I'll probably clean it off now that I've told you about it.
shadow of a doubt
It is like in the horror films when the character is running and running to get away and turns back to look and see if enough distance has been gained. The running, this constant treadmill of activity is in itself good, and a solid, sensible plan is to keep moving. It is work coming in, and the pleasure in doing a job well. Friends who hold your hands to steady you as you run. It is feeling strength in the legs pumping under you, feeling again capable of getting away from it, away from it finally, away from it for good…and then you glance behind and trip over a tree root you didn't see. And you are suddenly down, raw and scraped, knees bleeding, tears pouring out of your eyes because it hurts and because you forgot to see it coming. And the tree root angry in the ground, torn because you weren't watching. And while you sit there picking the dirt out of your bleeding hands it has caught you, enveloped you again. Did you really, really think you could get away? Did you think you could just pause for a second there, lean on a tree, catch your breath, and nothing would happen? Sometimes you are foolish and silly, and sometimes you are just plain stupid.

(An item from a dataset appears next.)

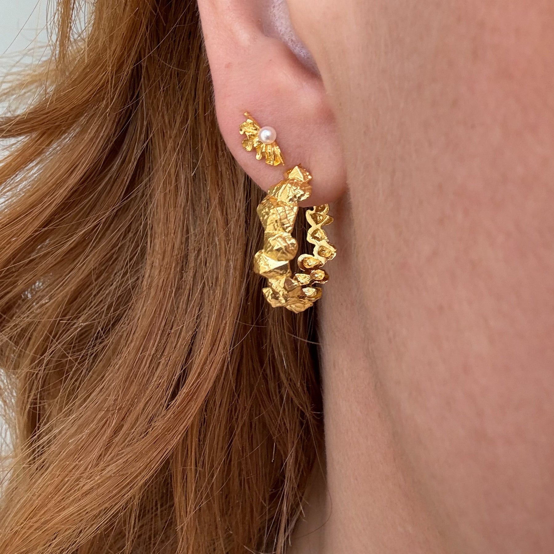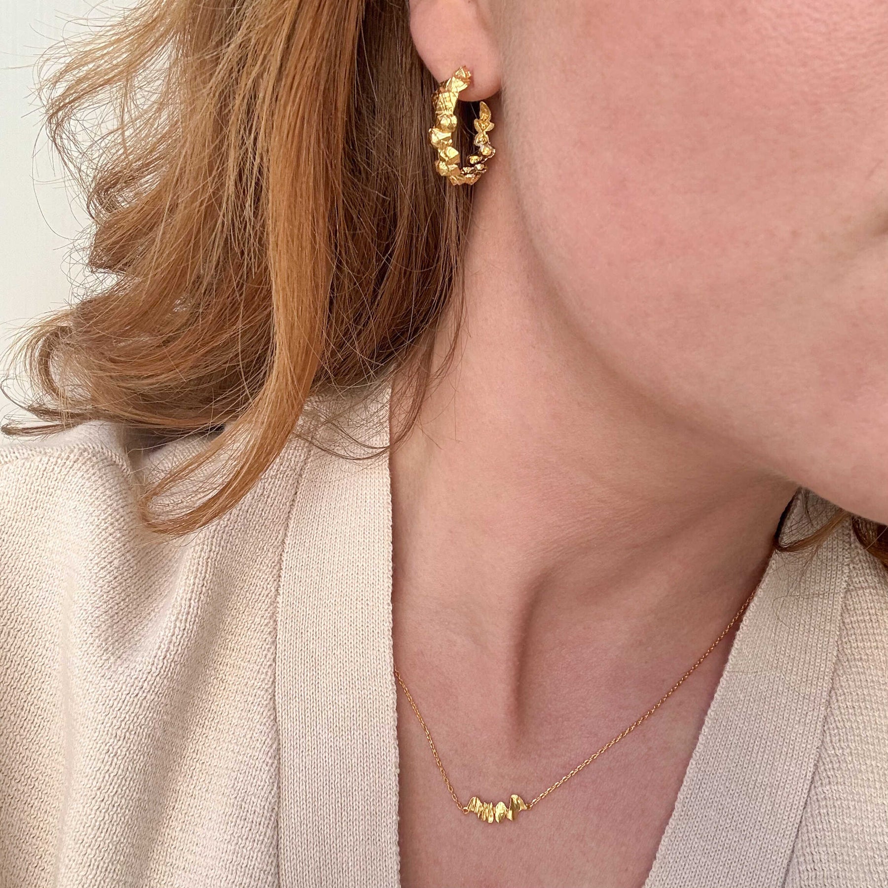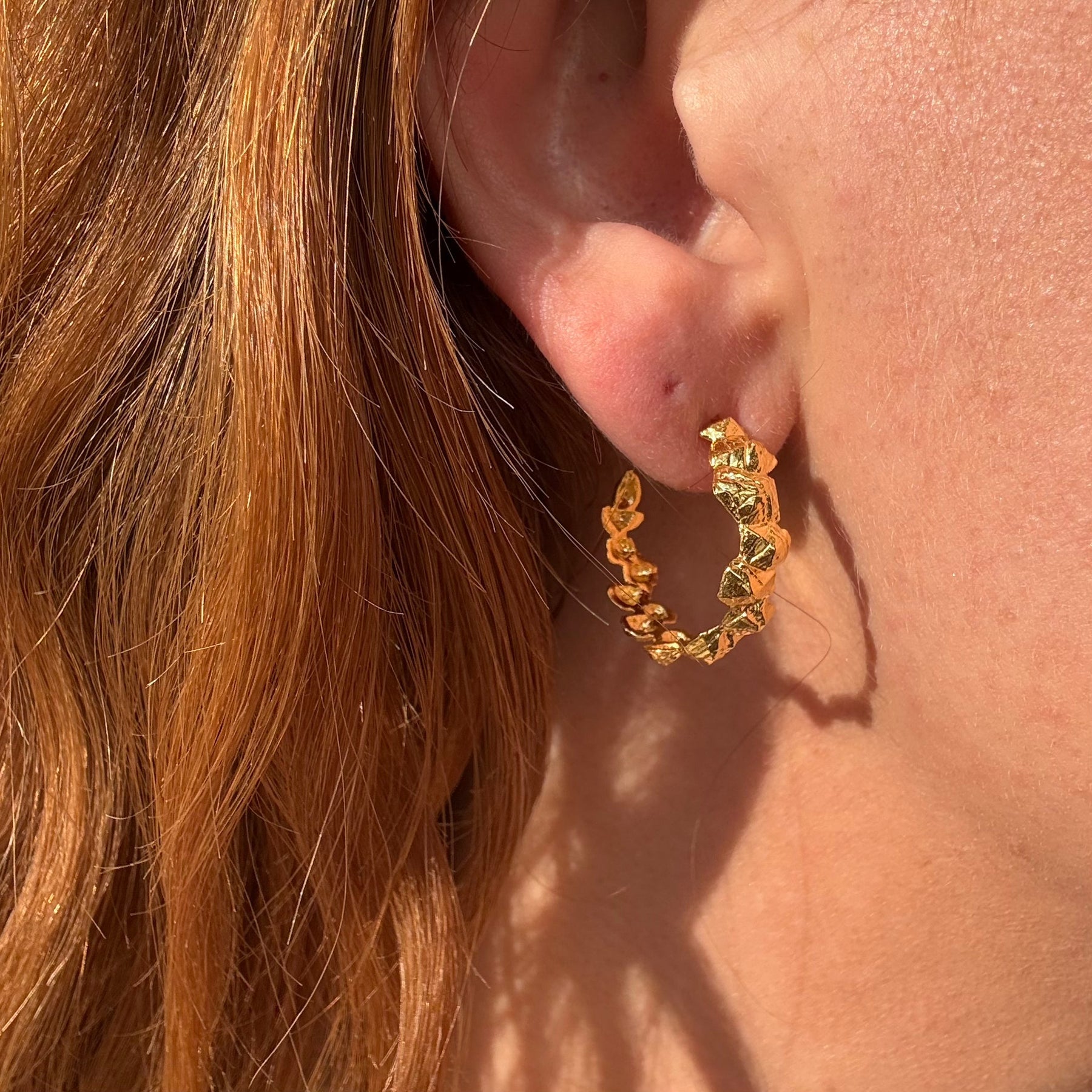 Nos créoles Chunky Edge – Finition dorée sont des boucles d’oreilles modernes au design doré, avec une belle texture expressive et une touche audacieuse.

diamond scattering in the park
How going out at night made me feel like being a teenager again, though I did not have to crawl out the window but just walked down the hall, quietly closed the front door on the sleeping family inside, gently turned the key in the lock and then skipped down the stairs. How the night sparkled, with frost on the grass, and how beautiful it is to walk with headphones, so that everything seems faintly unreal, like a film or more likely a music video. So many people are asleep and the streets deserted, and then inside it is so alive that the walk through the silent park now seems impossible. How you kissed me in the taxi and it was sweet and I skipped back to the door just like I did 25 years ago, as if I would never be tired.